What it demonstrates

Systems and architecture judgment. Vendoring a real foundation and documenting provenance to the commit; choosing a flat, FK-free, four-layer schema that composes new sources without migrations; deferring the reasoning graph until the corpus made it earn its keep; promoting a tagging convention into the schema only once it proved out. The recurring signature is restraint: building the next thing only when the join surfaces something neither column can see alone.

Product thinking. Naming failure modes (drift, over-philosophizing) before features; positioning explicitly against Obsidian and the hosted-memory incumbents; resolving a multi-surface effort into a single-product company thesis; and treating the public dashboard as the demo because it reads from the same database the agents do.

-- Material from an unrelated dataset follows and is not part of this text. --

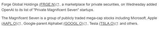 目前,私人证券交易市场Forge Global Holdings已经将OpenAI加入到其“私人卓越七巨头”头名单中。卓越七巨头是一组包括微软、苹果、谷歌母公司Alphabet、特斯拉等市值巨大的公开交易股票。

Privacy engineering. A genuine threat model, that work devices must never read the private corpus, answered with three independent, fail-closed enforcement layers (scoped keys plus guarded writes, tier views, anon RLS) and a view that closes a non-obvious leakage path through relationship edges.

Shipping speed with substance. Two days to a deployed, OAuth-reachable, multi-client endpoint backfilled with three years of real data, not a prototype with placeholder rows, at a total extraction cost under a dollar.

Reasoning in public. The "twenty gaps" register, the Adversary skill, and the captured-thinking records show a builder who instruments his own judgment and names, in public, the open questions the system cannot yet answer about itself.